_WORK REQUEST:_ Return the data below exactly, minus the pictures.

_SUPPLIED INFORMATION:_
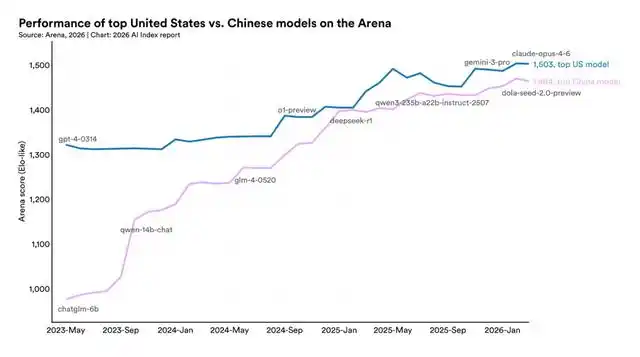 归拢天,斯坦福HAI发布2026 AI Index讲明,数据涌现中好意思最强模子的性能差距只剩2.7%。
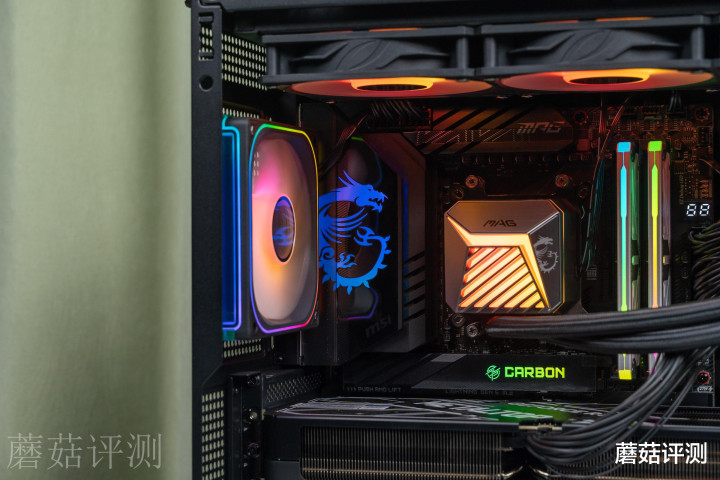 ▼微星MPG X870E CARBON WIFI暗黑主板的左侧供电覆盖件上还有漂亮的灯效设计,微星经典的龙标LOGO,搭配黑色的金属散热件,颜值很漂亮。
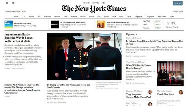 New York Times Company, która jest właścicielem "The New York Times", poinformowała w czwartek, że w 2019 r. gazecie przybyło ponad 1 mln cyfrowych subskrybentów. To największy wzrost w historii "NYT". Teraz firma ma 5 mln 251 tys. prenumeratorów wszystkich produktów w wersji papierowej i cyfrowej.

_ANSWER FOR THIS EXERCISE:_
 归拢天,斯坦福HAI发布2026 AI Index讲明,数据涌现中好意思最强模子的性能差距只剩2.7%。
 ▼微星MPG X870E CARBON WIFI暗黑主板的左侧供电覆盖件上还有漂亮的灯效设计,微星经典的龙标LOGO,搭配黑色的金属散热件,颜值很漂亮。
 New York Times Company, która jest właścicielem "The New York Times", poinformowała w czwartek, że w 2019 r. gazecie przybyło ponad 1 mln cyfrowych subskrybentów. To największy wzrost w historii "NYT". Teraz firma ma 5 mln 251 tys. prenumeratorów wszystkich produktów w wersji papierowej i cyfrowej.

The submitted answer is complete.